- **Recorded data**:
((

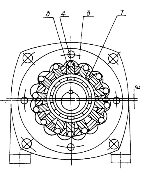 | 一種適用于機(jī)械傳動(dòng)裝置的內(nèi)齒減速機(jī),包括由輸入軸(1)聯(lián)接的偏心機(jī)構(gòu)及驅(qū)動(dòng)圈(7),固齒圈(3)等部分組成,其特征在于沿驅(qū)動(dòng)圈(7)外圓徑向開設(shè)有等分導(dǎo)槽,并與驅(qū)動(dòng)圈(7)的內(nèi)環(huán)槽相通,在每個(gè)等分導(dǎo)槽的兩邊裝有擋塊(6),使之形成四周封閉的槽孔,在槽孔內(nèi)裝有滑桿(5),滑桿(5)的一端呈R形面,并裝有滾動(dòng)體(4)在槽孔中作徑向滑動(dòng),同時(shí)滾動(dòng)體(4)與固齒圈(3)嚙合,滑桿(5)的另一端呈平面或弧面,接觸于偏心機(jī)構(gòu)中的雙偏心凸輪(2)的軸承外圈上,在雙偏心凸輪(2)上裝有與滑桿(5)嚙合的滾動(dòng)軸承(10)。 |
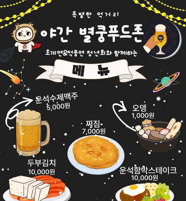 야간에 운영되는 별쿵푸드존은 지역 식재료를 활용한 메뉴 중심으로 따뜻한 먹거리를 제공해 체류 만족도를 높입니다.
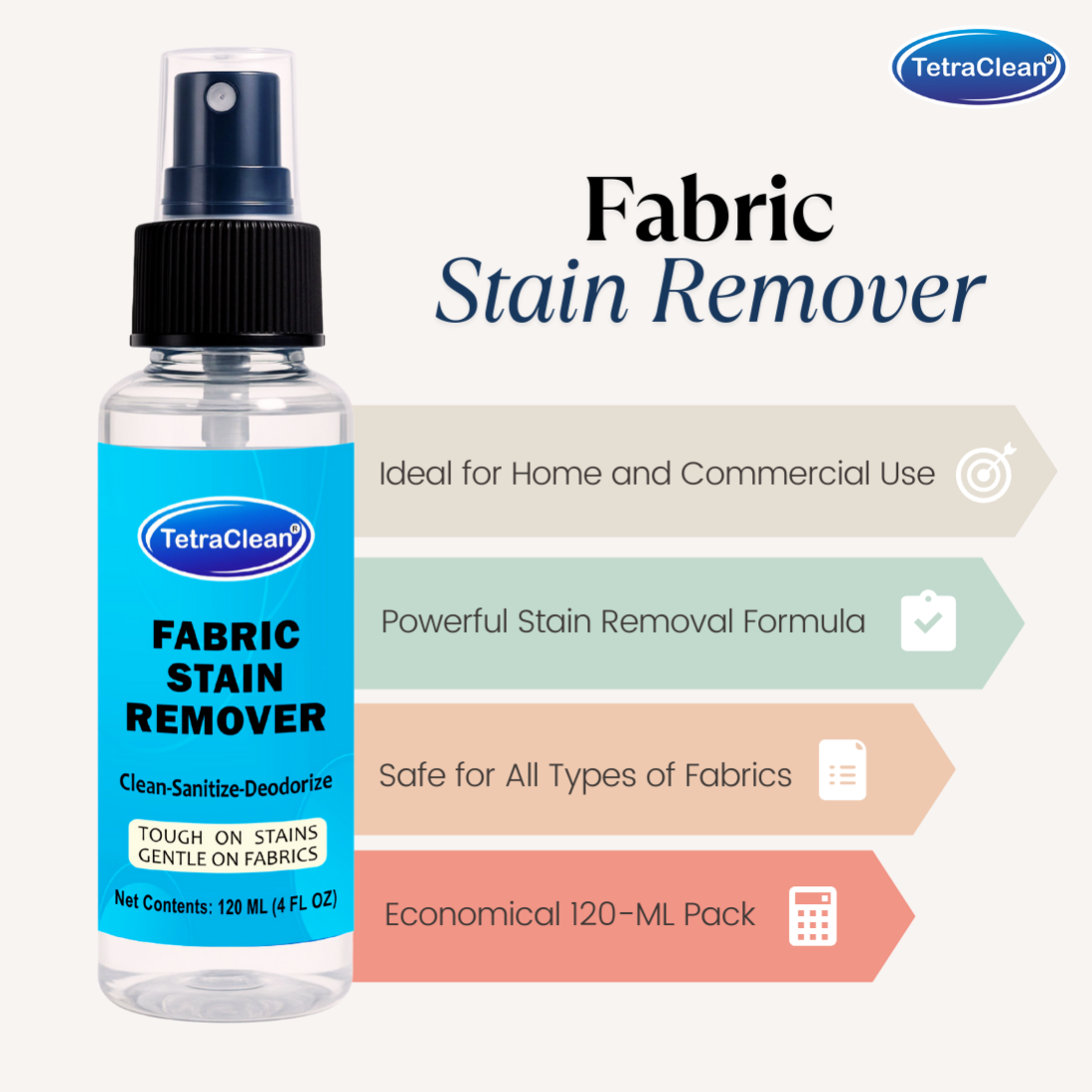 This powerful yet gentle solution is safe for daily use on cotton, wool, silk, polyester, and blends. Unlike harsh chemical cleaners, TetraClean Fabric Stain Remover is eco-friendly, non-toxic, and biodegradable, making it safe for both fabrics and the environment.
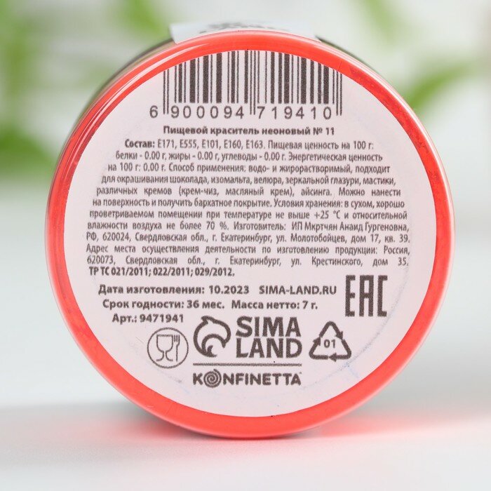 Краситель неоновый пасха KONFINETTA, коралловый, 7 г. интересное:
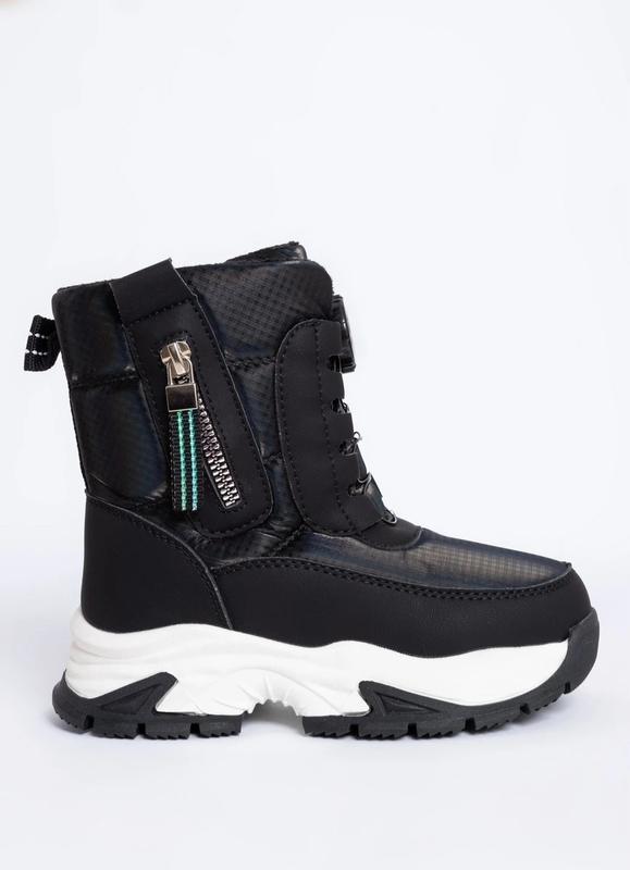 Чоботи дутиші для дівчаток Китай Матеріал верху - екошкіра, плащівка Застібка- утяжка, змійка Утеплювач - хутро Устілка - хутро, супінатора немає Підошва - ПВХ, висота 3.5 см Висота чобота від 15 см Розміри 27-32

))

- **About this exercise**:
Although the records above contain pictures, the copy must not; set down exactly the lines from the one with "This powerful yet" up to and including the one with "Краситель неоновый пасха".

- **Result**:
 This powerful yet gentle solution is safe for daily use on cotton, wool, silk, polyester, and blends. Unlike harsh chemical cleaners, TetraClean Fabric Stain Remover is eco-friendly, non-toxic, and biodegradable, making it safe for both fabrics and the environment.
 Краситель неоновый пасха KONFINETTA, коралловый, 7 г. интересное:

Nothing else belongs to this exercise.